[Records shown — start]

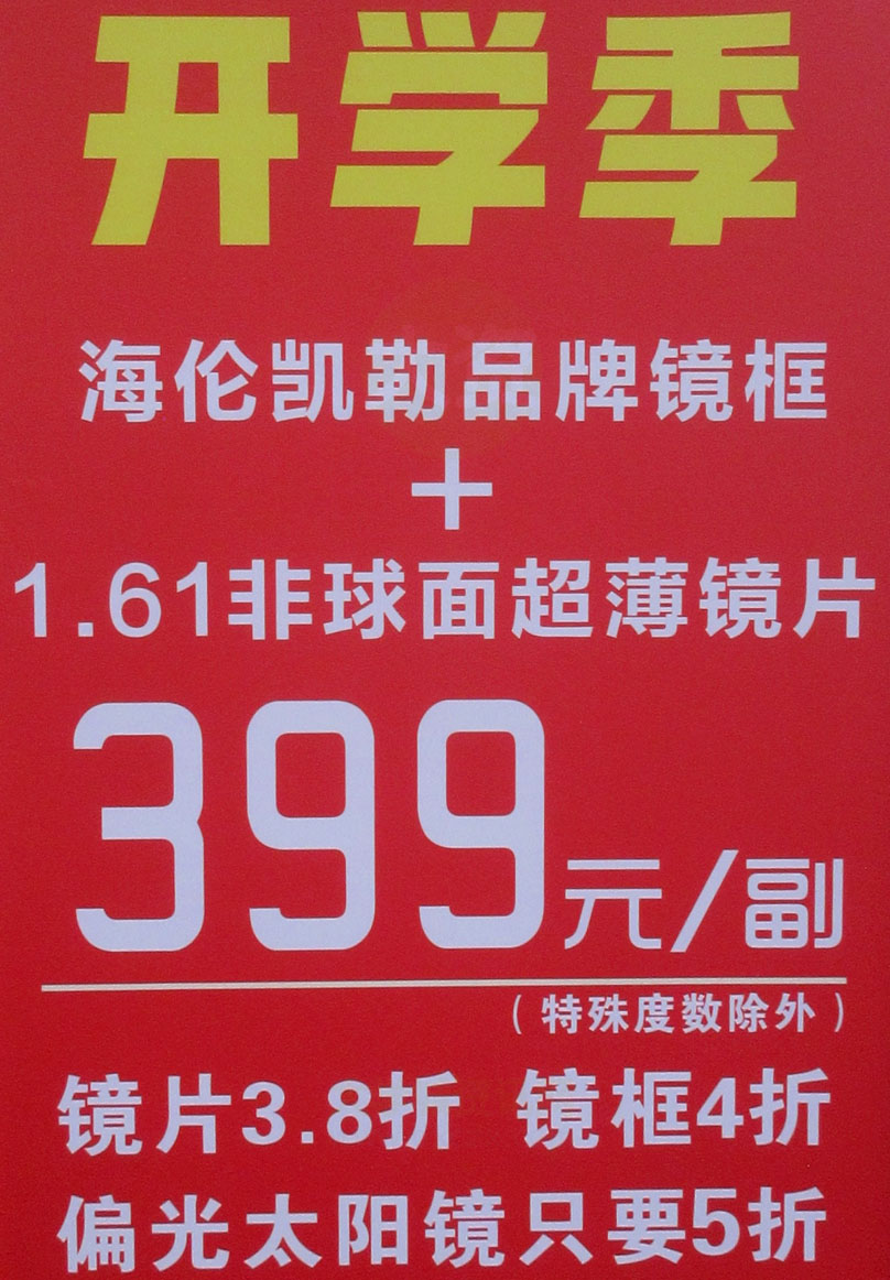 | 广大商中D区西北角 快取眼镜超市 开学季 海伦凯勒品牌镜框+1.61非球面超薄镜片 399元一副(特殊度数除外) 镜片3.8折 镜框4折 | ||||||
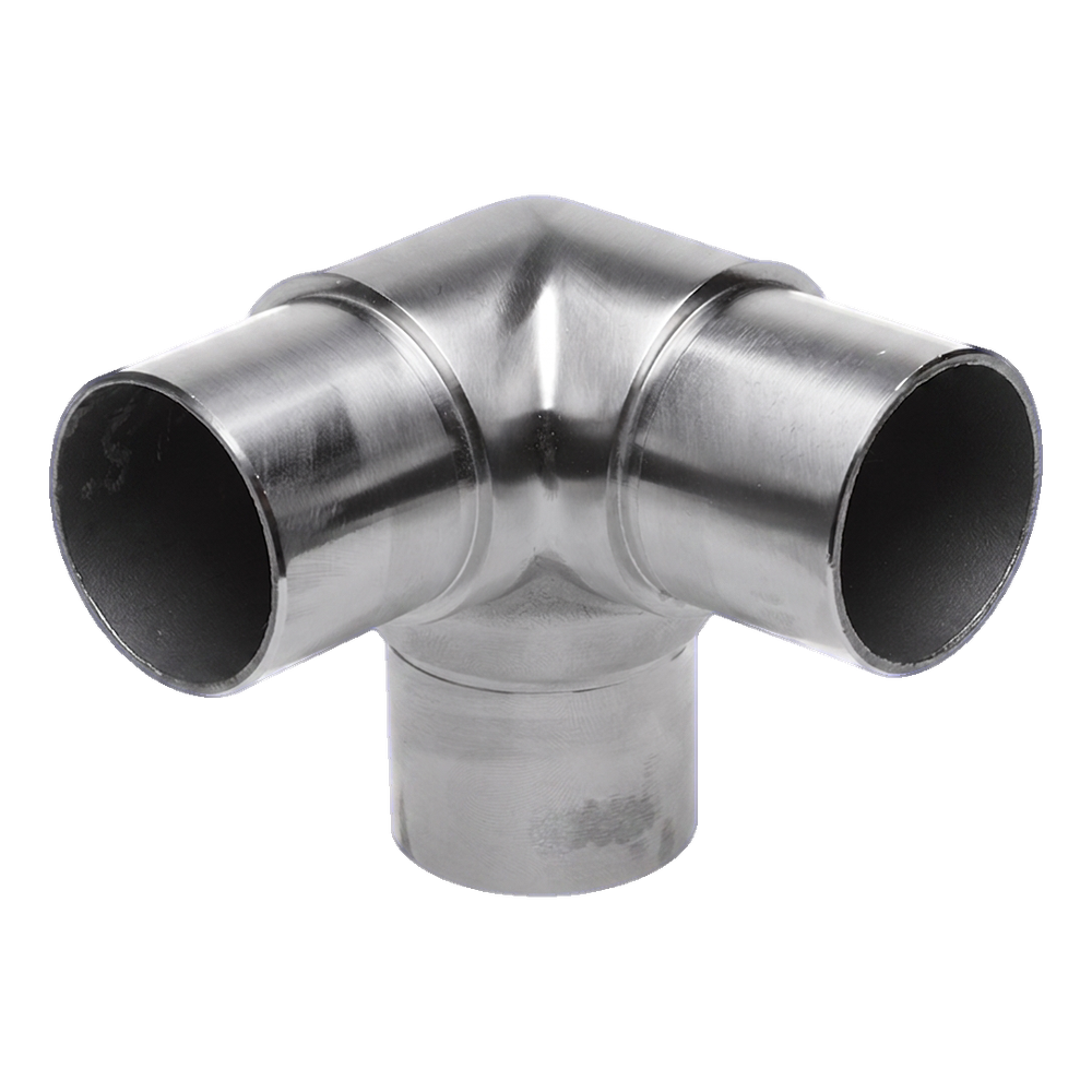 Verbinder aus Edelstahl AISI 304 mit satinierter Oberfläche, was hohe Korrosionsbeständigkeit und elegantes, mattes Aussehen gewährleistet, das perfekt mit modernen Edelstahlgeländern harmoniert. Die Montage erfolgt durch Kleben mit anaeroben Klebstoff — die Verbindung ist von außen unsichtbar, was saubere, professionelle Ästhetik ohne sichtbare Schweißnähte oder Schrauben garantiert.
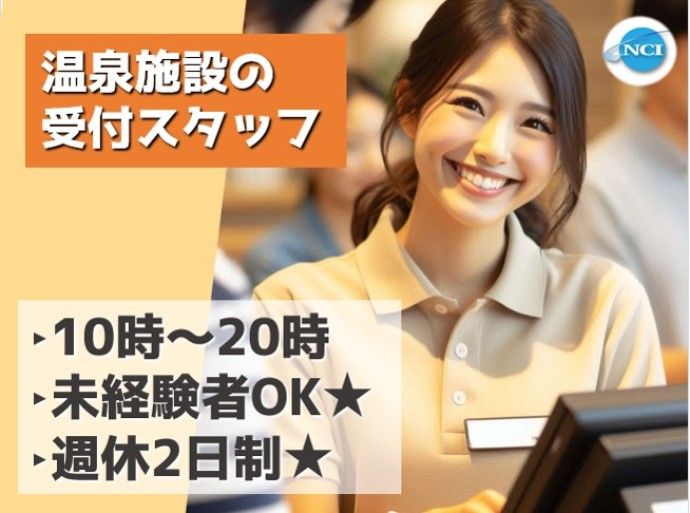 仕事内容 【フロント受付】 ◎温泉施設での受付業務をお願いします! ・日帰り入浴、宿泊利用の確認 ・身分証明書の確認 ・軽食コーナーのご案内 ・脱衣所の整理整頓 ===================== ◎ココ見て!求人の魅力◎ ===================== ■安定した経営基盤企業で長期活躍! ■研修+マニュアル完備でしっかりフォロー! ■落ち着いた雰囲気でゆっくりスキルアップ! ■お給料週払いも対応OK! =================== ◎こんな方にオススメ◎ =================== ■接客経験を活かしたい! ■人と話すことが好き! ■やりがいのある仕事がいい! ■今スグ仕事を始めたい! ====ここもチェック!==== ◇フリーター歓迎 ◇未経験歓迎 ◇経験者歓迎 ◇U・Iターン歓迎 ◇第二新卒歓迎 ◇ブランクOK ◇即日勤務OK ◇週4以上OK ◇家庭都合休OK ◇友達と応募OK ◇長期 ◇シフト制 ◇学歴不問 ◇服装自由 ◇40代以上応募可 ◇残業月20時間以下 ==================
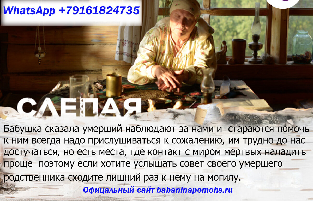 Вы можете обратиться за помощью напрямую к Бабе Нине по контактным данным Анны внучки Бабы Нины Viber +7 916 182 4735 WhatsApp +7 916 182 4735 Официальный сайт: https://babaninapomohs.ru/
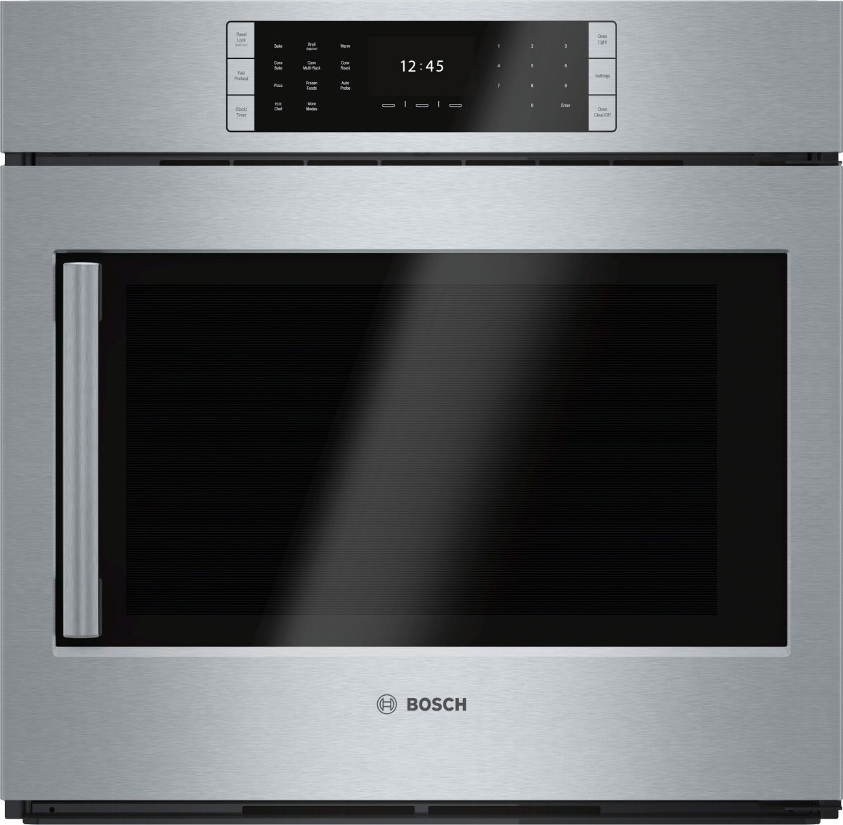 The Bosch Wall Oven Features a SideOpening Door for Easier Cavity Access and a High-Resolution TFT User Interface. Convection Pro has a third heating element and a fan evenly circulates air around the cavity so you get consistently even golden results.Read More
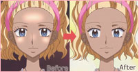 | 鼻やほほなどでっぱったところは二度ぬりしよう。 |
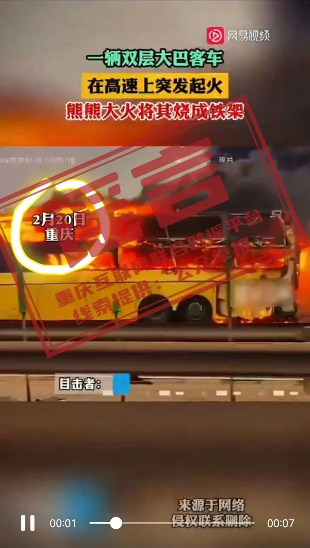 網(wǎng)傳視頻顯示高速上一輛大客車正燃著熊熊烈火,視頻配文稱“一輛雙層大巴客車在高速突發(fā)起火,熊熊大火將其燒成鐵架”,并在顯著位置標示“2月20日 重慶”。
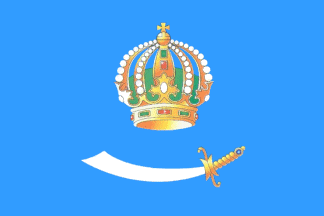 Clause 3. The flag of the Astrakhan Region represents a rectangular panel of light-blue colour, in the middle of flag the gold crown consisting of a hoop with three visible leaf-formed and gold mitra, fastened by five visible arches decorated with pearls, with green lining. Mitra coroned by a gold orb with a cross. Under the crown an eastern sword silver with gold hilt turned to the right. Dimensional width of the image of crown and sword (…) should make 1/4 parts of length of a panel of a flag. The relation of width of flag to its length — 2:3.
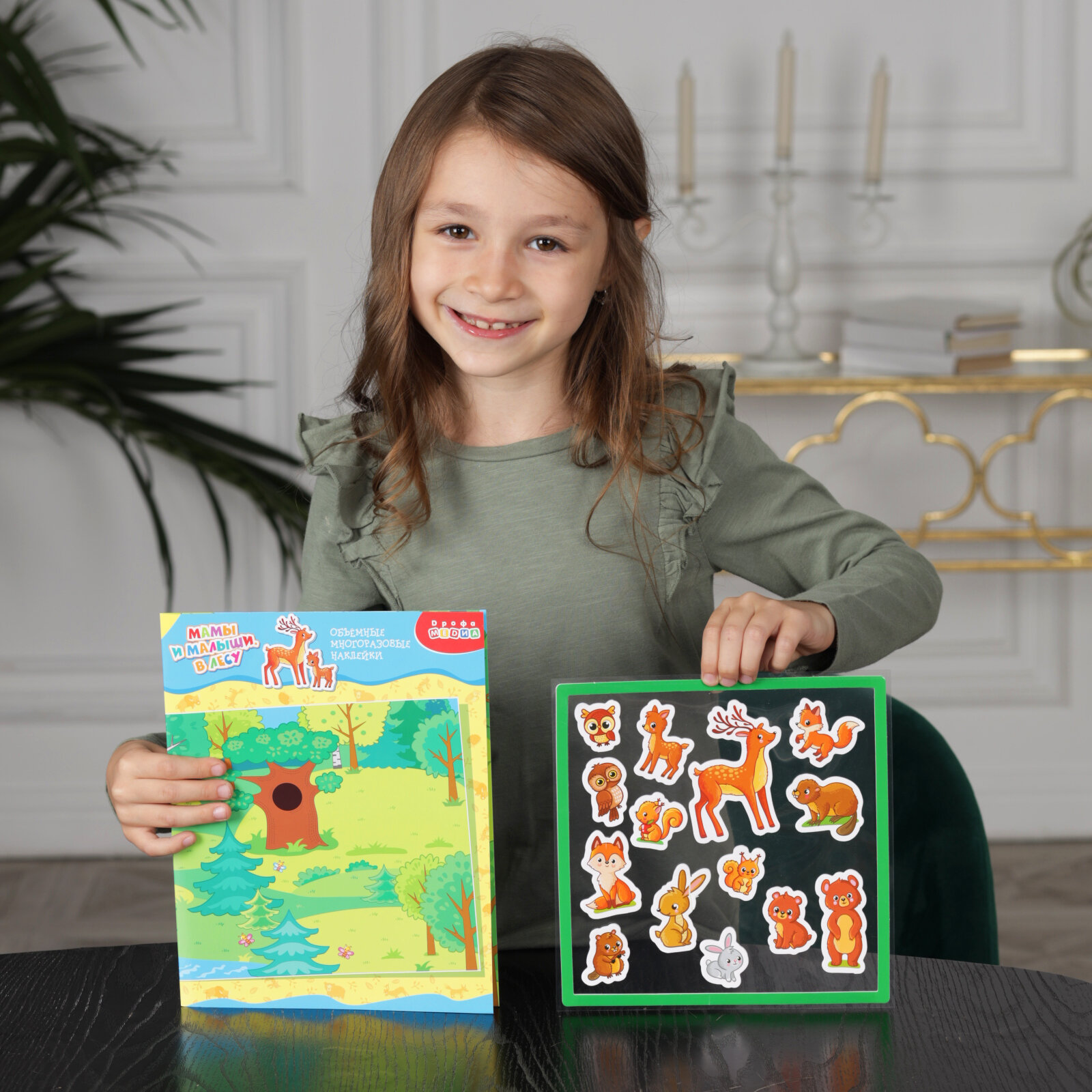 Набор для игры с объёмными многоразовыми наклейками «Мамы и малыши. В лесу» прекрасно подойдёт в качестве подарка в детском саду.

[Records shown — finish]

• Work order
Write the records above out again word for word, skipping each picture.

• Response to the task
 | 广大商中D区西北角 快取眼镜超市 开学季 海伦凯勒品牌镜框+1.61非球面超薄镜片 399元一副(特殊度数除外) 镜片3.8折 镜框4折 | ||||||
 Verbinder aus Edelstahl AISI 304 mit satinierter Oberfläche, was hohe Korrosionsbeständigkeit und elegantes, mattes Aussehen gewährleistet, das perfekt mit modernen Edelstahlgeländern harmoniert. Die Montage erfolgt durch Kleben mit anaeroben Klebstoff — die Verbindung ist von außen unsichtbar, was saubere, professionelle Ästhetik ohne sichtbare Schweißnähte oder Schrauben garantiert.
 仕事内容 【フロント受付】 ◎温泉施設での受付業務をお願いします! ・日帰り入浴、宿泊利用の確認 ・身分証明書の確認 ・軽食コーナーのご案内 ・脱衣所の整理整頓 ===================== ◎ココ見て!求人の魅力◎ ===================== ■安定した経営基盤企業で長期活躍! ■研修+マニュアル完備でしっかりフォロー! ■落ち着いた雰囲気でゆっくりスキルアップ! ■お給料週払いも対応OK! =================== ◎こんな方にオススメ◎ =================== ■接客経験を活かしたい! ■人と話すことが好き! ■やりがいのある仕事がいい! ■今スグ仕事を始めたい! ====ここもチェック!==== ◇フリーター歓迎 ◇未経験歓迎 ◇経験者歓迎 ◇U・Iターン歓迎 ◇第二新卒歓迎 ◇ブランクOK ◇即日勤務OK ◇週4以上OK ◇家庭都合休OK ◇友達と応募OK ◇長期 ◇シフト制 ◇学歴不問 ◇服装自由 ◇40代以上応募可 ◇残業月20時間以下 ==================
 Вы можете обратиться за помощью напрямую к Бабе Нине по контактным данным Анны внучки Бабы Нины Viber +7 916 182 4735 WhatsApp +7 916 182 4735 Официальный сайт: https://babaninapomohs.ru/
 The Bosch Wall Oven Features a SideOpening Door for Easier Cavity Access and a High-Resolution TFT User Interface. Convection Pro has a third heating element and a fan evenly circulates air around the cavity so you get consistently even golden results.Read More
 | 鼻やほほなどでっぱったところは二度ぬりしよう。 |
 網(wǎng)傳視頻顯示高速上一輛大客車正燃著熊熊烈火,視頻配文稱“一輛雙層大巴客車在高速突發(fā)起火,熊熊大火將其燒成鐵架”,并在顯著位置標示“2月20日 重慶”。
 Clause 3. The flag of the Astrakhan Region represents a rectangular panel of light-blue colour, in the middle of flag the gold crown consisting of a hoop with three visible leaf-formed and gold mitra, fastened by five visible arches decorated with pearls, with green lining. Mitra coroned by a gold orb with a cross. Under the crown an eastern sword silver with gold hilt turned to the right. Dimensional width of the image of crown and sword (…) should make 1/4 parts of length of a panel of a flag. The relation of width of flag to its length — 2:3.
 Набор для игры с объёмными многоразовыми наклейками «Мамы и малыши. В лесу» прекрасно подойдёт в качестве подарка в детском саду.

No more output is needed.